In more than 14 years of roaming Mars, NASA’s Opportunity rover took more than 210,000 pictures. (Its twin, Spirit, snapped an additional 125,000 on the other side of the planet.) Some were sweeping 360-degree panoramas of the reddish landscape. Others were microscopic close-ups of rocks. Through the images, mission scientists were able to decipher some of the geological history of Mars.
“Spirit and Opportunity were robotic field geologists,” said Steven W. Squyres, principal investigator for the mission, during a NASA news conference Wednesday. “A geologist is like a detective at the scene of a crime. Something happened at this place on Mars billions of years ago. What was it? What was it like there back then?

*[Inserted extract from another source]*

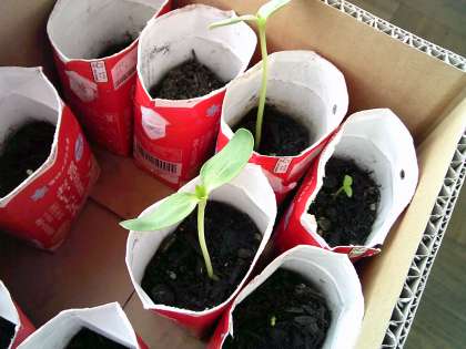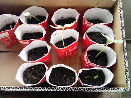 理科の学習で育てているヒマワリとホウセンカの芽が出ました。

And you’re looking for clues, and the clues are in the rocks.”
Sticking the Landing
Opportunity was sent to Meridiani Planum, a plain just south of the Martian equator.

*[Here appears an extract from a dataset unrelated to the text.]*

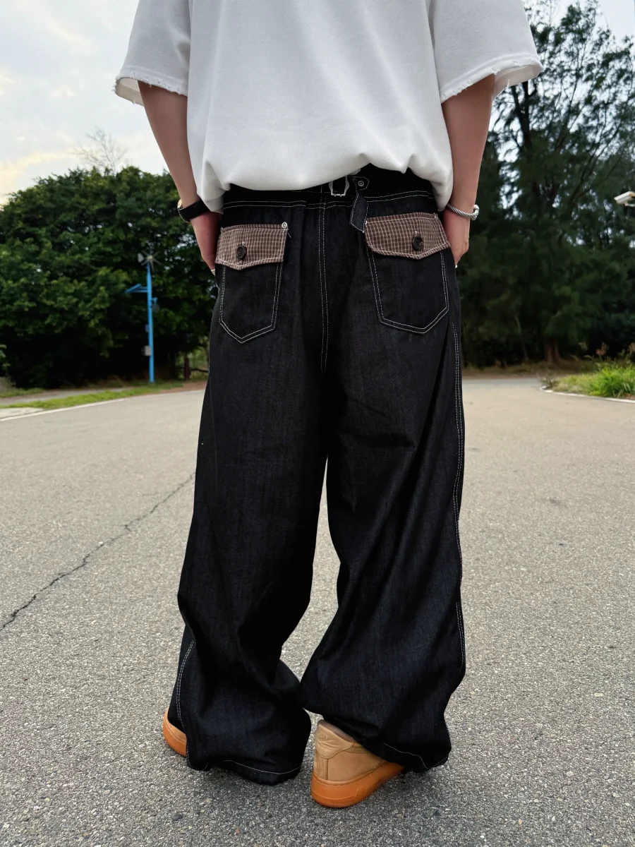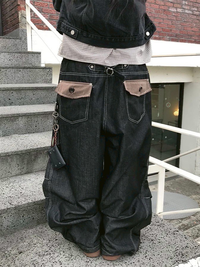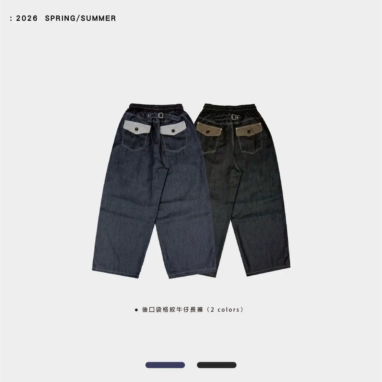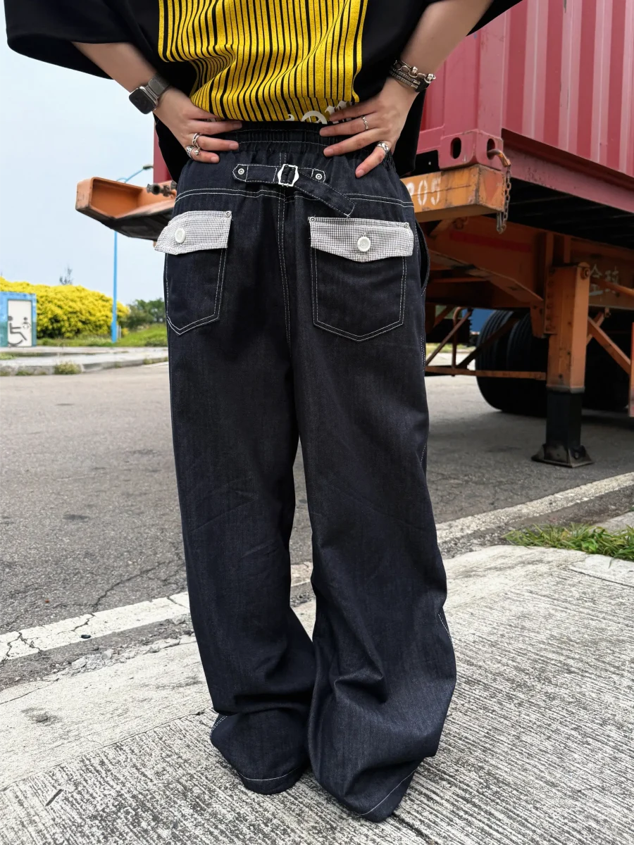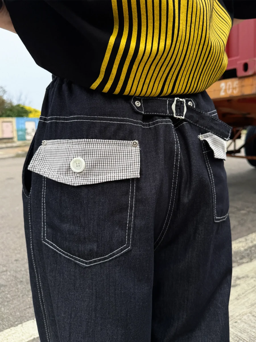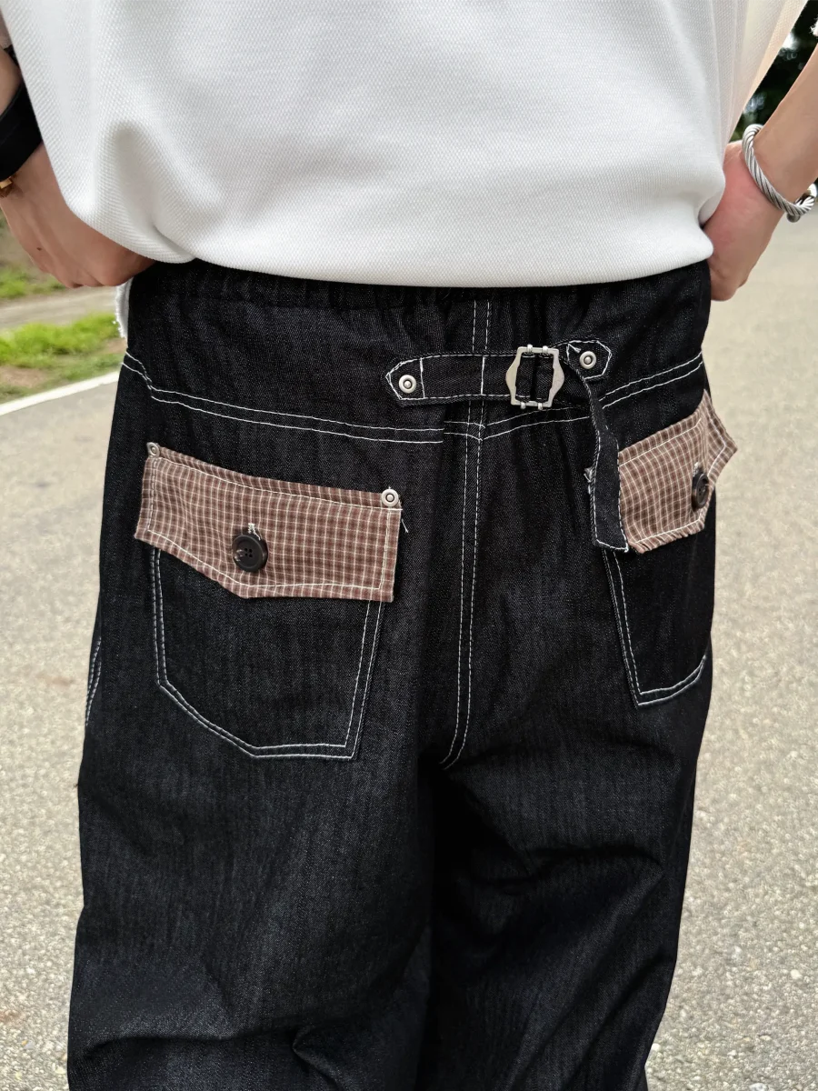 後口袋格紋牛仔長褲

When the first images popped up on the monitors, the scientists were flabbergasted. Opportunity, cocooned in a sphere of protective air bags, had by pure chance, rolled into one of the few craters in Meridiani Planum — an interplanetary hole-in-one.

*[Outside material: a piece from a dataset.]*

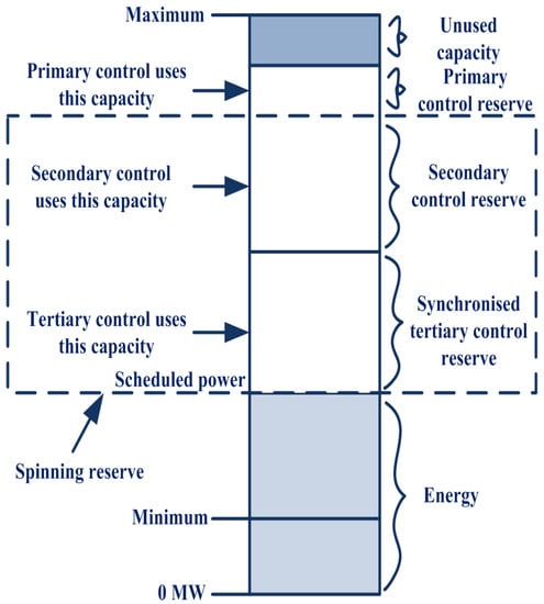 | Terminology | Primary control reserve Secondary control reserve Tertiary control reserve | Frequency responsive reserve Regulating reserve Spinning reserve Non-spinning reserve Non-spinning reserve Supplemental reserve |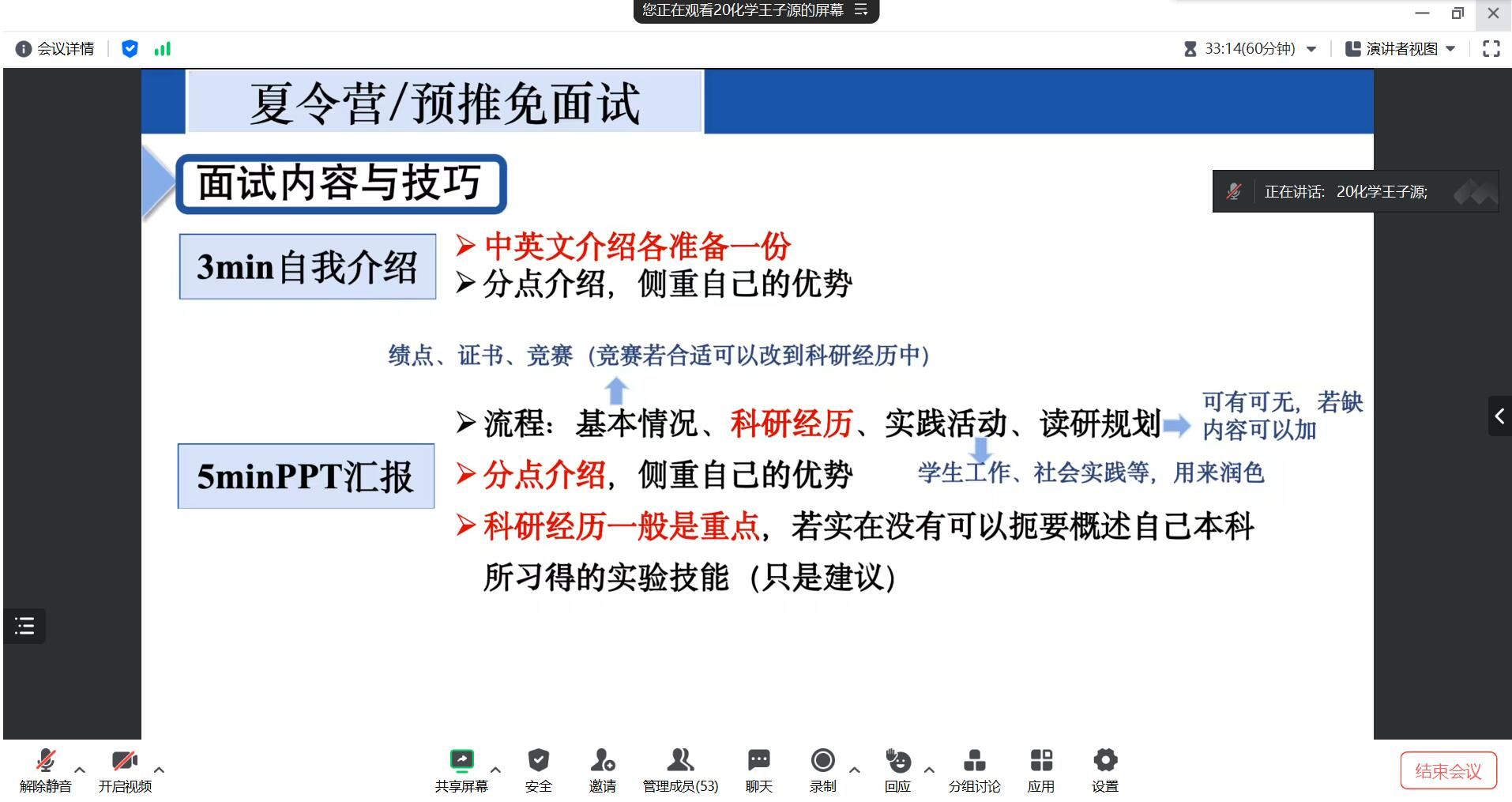 胡悦悦从推免流程、推免择校、推免考核三部分重点介绍了推免的基本流程和注意事项,她建议同学们应打好专业基础,积极各类学科竞赛,提高专业素养。王子源重点介绍了个人暑期夏令营相关经验及注意事项,他建议同学们多关注学校的政策文件,以便及时获取相关信息。黄宁宁结合个人两年的研究生学习经历,详细阐述了推免面试的注意事项及如何平衡好研究生期间的学业,鼓励同学们培养学术研究兴趣,保持优秀专业成绩。三位同学就推免的专业、高校、夏令营等内容与参会同学进行深入交流。

Along the sides of the crater were exposed bedrock, all ready for the scientists to examine as they worked to produce a natural history of how this corner of Mars had formed. At first, the rocks were nicknamed the “Great Wall,” but that turned out to be a trick of perspective. The crater was tiny — only about 70 feet wide — and the exposed bedrock was about the height of a sidewalk curb. People quickly stopped calling it the Great Wall.
Blueberries Everywhere
Meridiani Planum was selected for two primary reasons. For engineers, a flat place is a safer, easier place to land. For the scientists, the Mars Odyssey orbiter had detected an intriguing signature of an iron oxide mineral known as gray hematite, spread out over a region the size of Oklahoma. On Earth, hematite typically forms in the presence of liquid water. (It is also possible for hematite to come out of lava without water.)
“The orbital data told us it was going to be there,” said Raymond E. Arvidson, deputy principal investigator. “It didn’t tell us where.”
On the surface, Opportunity found a multitude of BB-size spheres, which the scientists called blueberries, and the blueberries were made of hematite, which formed as acidic water flowed through the sediments.
“Sort of the way an oyster forms a pearl,” Squyres said.
As the surrounding rock weathered, the blueberries, which were harder, rolled onto the surface.
Greater Craters
As it became apparent that Opportunity would last much longer than the 90 days they had originally expected, scientists moved onto bigger craters with larger swaths of exposed bedrock.
While the years of exploration added detail to the story of how Meridiani Planum formed, “we got most of the story in the first six weeks,” Squyres said. After they finished up at Victoria Crater, a half-mile-wide feature, they wondered what to do next.